Colo : Bray-Dunes 1999
de Dav Guedin (Scénario), Craoman (Dessin)

critiqué par Shelton, le 27 octobre 2012
(Chalon-sur-Saône - 67 ans)


La note:  étoiles
Une pure merveille d'humanité...
Dav Guedin est un auteur de bandes dessinées que vous ne connaissez probablement pas encore. Deviendra-t-il l’auteur le plus connu, le plus vendu et lu, dans les semaines à venir, c’est, malheureusement pour lui, peu envisageable… Et, pourtant, son travail Colo, Bray-Dunes 1999 est pour moi une grande révélation !

Je dois avouer que je n’avais pas repéré cette bande dessinée dans les « à paraître » des maisons d’éditions. La couverture ne m’attirait pas, je ne la trouve pas si bonne d’ailleurs en comparaison du contenu et j’ai mis beaucoup de temps à comprendre que ce sont des pilules et gélules qui entourent la tête de cet homme, une tête sans corps… A priori, pas attirant !

C’est une amie qui m’a conseillé de lire cette bande dessinée, ce roman graphique, ce témoignage. Oui, c’est d’ailleurs plus le mot témoignage qui conviendrait puisque ce récit est celui d’un jeune homme qui va être moniteur de colonie de vacances durant l’été 1999 pour un groupe d’adultes handicapés physiques et mentaux. Nous sommes dans le Nord de la France, à Bray Dunes…

« Je voulais faire quelque chose d’utile, qu’au moins une fois dans ma vie je serve à quelque chose ». Pour servir, c’est sûr, il va le faire.

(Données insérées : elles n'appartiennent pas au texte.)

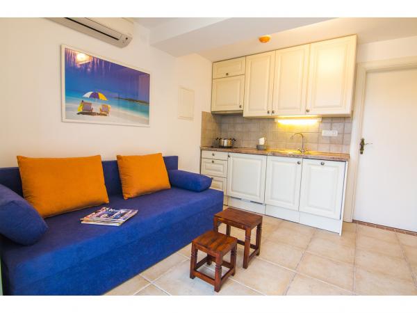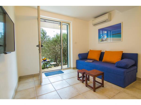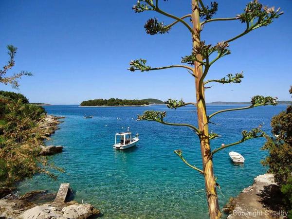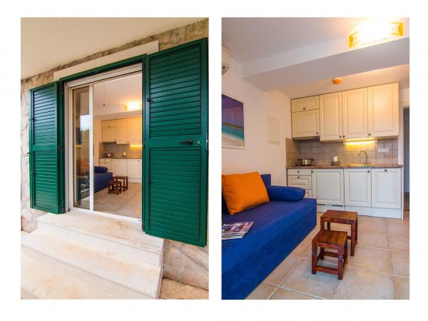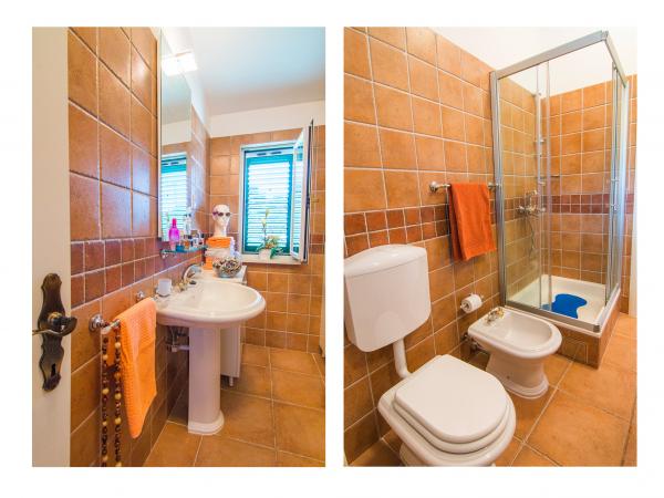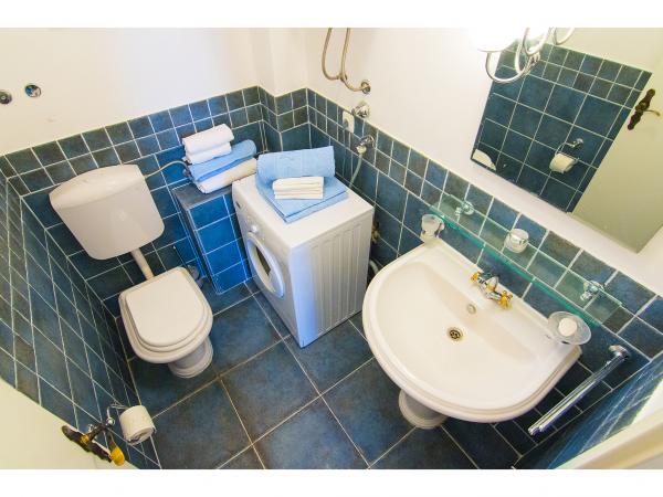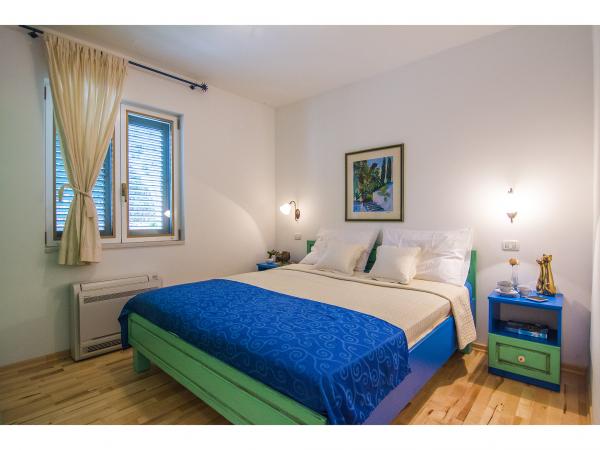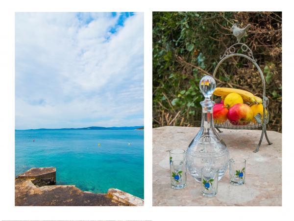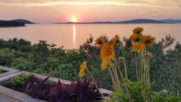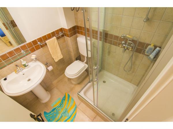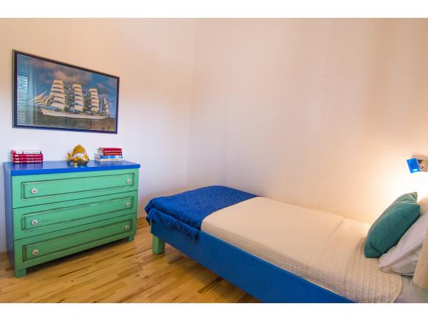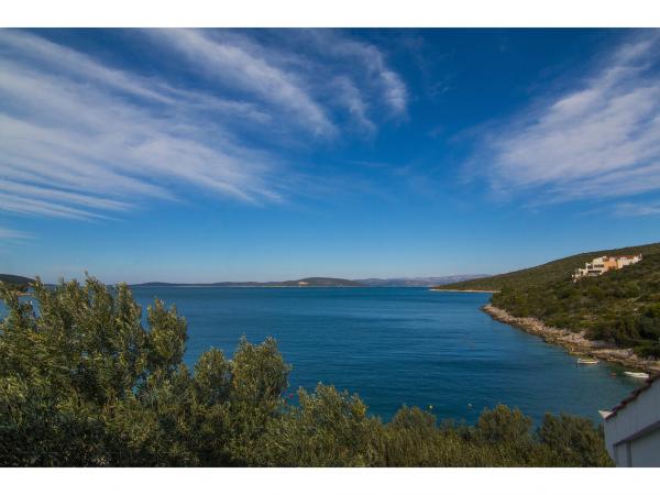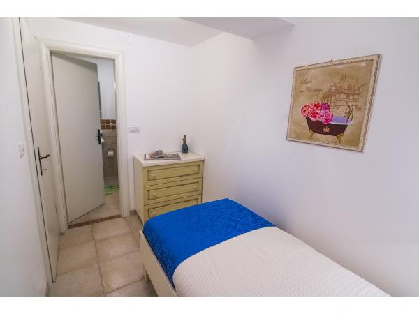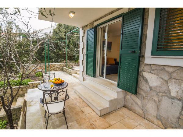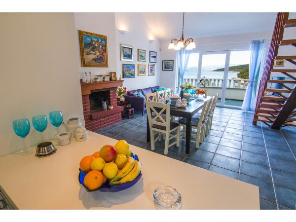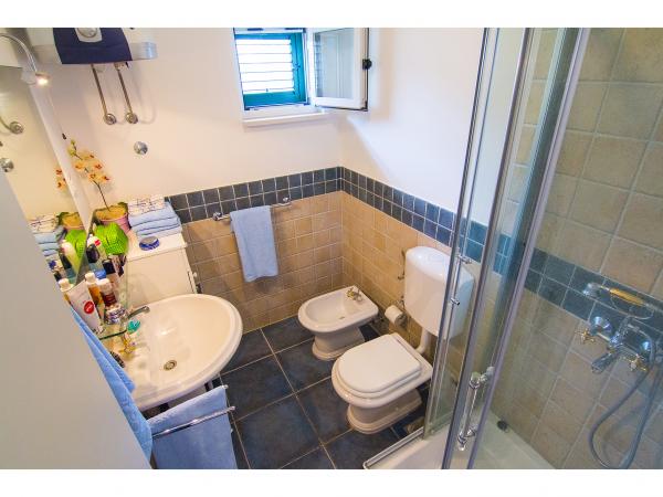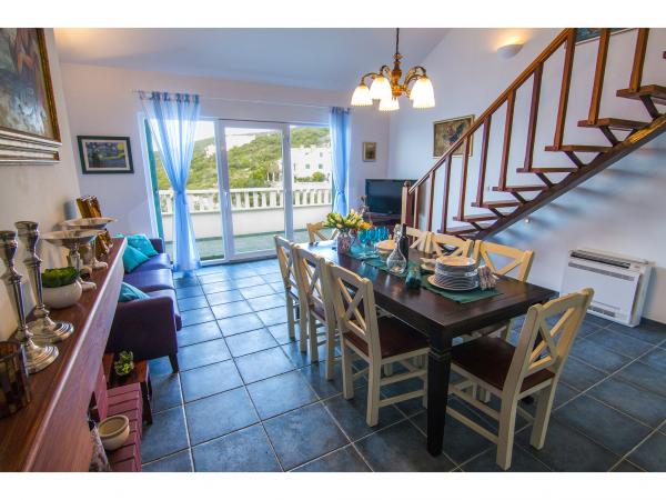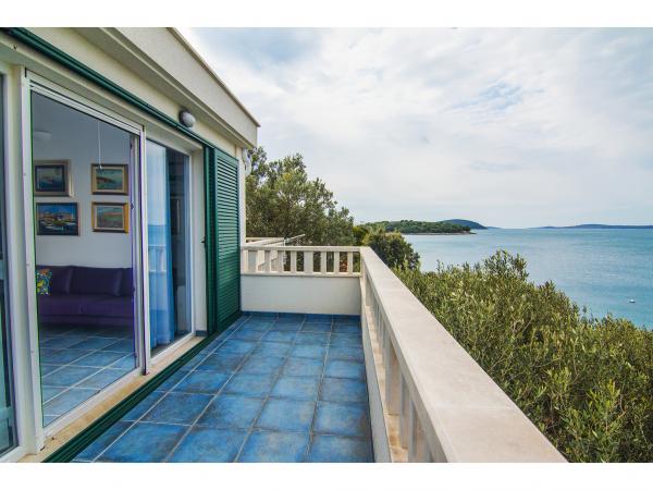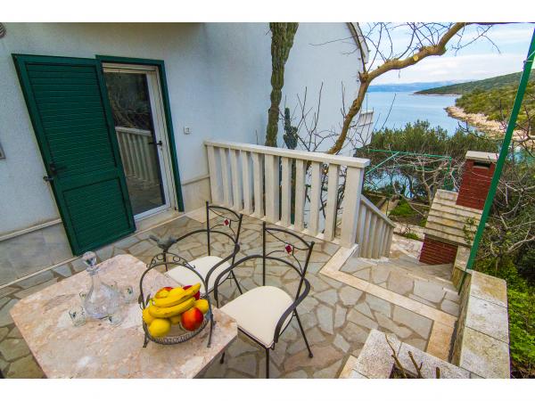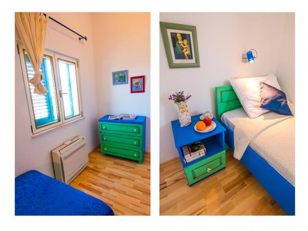 Villa Jadranka is located in the bay Tepli side, 500 meters from the center of the olive groves. Bay Tepli side is an ideal place for a holiday as it often blowing wind breeze, the reason was never hot. It is also a great place for windsurfing. Villa Jadranka is 15 meters from the sea. Below the house there is a beach, which is reached by stairs through the private garden, which is why there is no access to the beach no one but guests of Villa Jadranka. The garden of Villa consists of 400 m2 beautiful garden with indigenous Dalmatian plants. In the courtyard and barbecue, as well as an outdoor shower. The villa consists of three floors with a total capacity of 10 beds. The well-equipped, spacious and functional, the villa is ideal for a wonderful family vacation. The ground floor is designed as a self-contained functional units, functions as a small detached apartment. The first and second floors of the villa have a common entrance, with on the second floor reached by stairs which are located in the living room of the first floor. Every room in the house has air conditioning. The ground floor (25m2) has a separate entrance and consists of two single bedrooms, kitchen (with dishwasher) and a bathroom. The first floor (approx 75 m2) consists of one double and one single bedroom,

Ce n’est pas rien durant des vacances que de s’occuper de personnes si différentes…

Le choc va être rude, mais il va tenir bon, jusqu’au bout. De cette expérience, après une longue mise à distance, il va faire une bande dessinée avec un autre dessinateur, Craoman. A deux, ils vont nous immerger dans un univers bien réel et pas toujours très rose… Le récit est illustré par Craoman, mais Dav a inclus entre les chapitres des portraits des différents participants à la colonie…

Il y aura tout d’abord la rencontre avec les autres animateurs. Chacun est différent de l’autre et les motivations sont parfois diamétralement opposées. Comment faire travailler tout ce monde ensemble ? Possible si chacun y met du sien et on mesure la difficulté au fur et à mesure des scènes décrites. Le tout est aggravé par le manque d’intimité des moniteurs. Du coup, c’est encore plus difficile à vivre…

La seconde grande difficulté est dans la vie quotidienne avec ces adultes qu’il faut laver, coucher, surveiller, emmener aux toilettes… Oui, pour Dav, il y a là quelque chose de terrible. Il ne supporte que très mal d’avoir à gérer ces éléments de l’intimité, de l’hygiène… et, pourtant, il va relever le défi, et arrivera à s’en sortir… mais il s’en souvient encore !

Enfin, il faudra tenir, jour après jour. Trouver des occupations qui plaisent à ces vacanciers d’un autre genre n’est pas simple. La plage ? Le soleil ? Chanter ? Une séance de cinéma ? Jouer aux cartes ? Tout est possible mais certains s’ennuient, ne comprennent pas, semblent intouchables…

Il y aura, en fin de récit, la rencontre avec un handicapé mental qui répond à Dav de telle façon qu’il se demande si cet homme ne serait pas enfermé à tort… Mais, là, c’est peut-être Dav qui est abusé car ce genre de situation n’existe pas, non ?

Franchement, un récit bouleversant sur un monde que l’on ne connaît pas beaucoup. Les vacances sont souvent un sujet sexy, très in, avec soleil, montagne et mer, balades et activités, animations et bonheur… Mais c’est aussi une période d’abandon, de solitude, de colonie de ce genre et c’est une très bonne chose d’avoir ce témoignage en bande dessinée, donc accessible au plus grand nombre… félicitation à Dav d’avoir voulu, l’espace d’un été, donner du sens à sa vie et de nous raconter tout cela avec tant d’humanisme ! Une très belle bande dessinée à lire toute affaire cessante !!!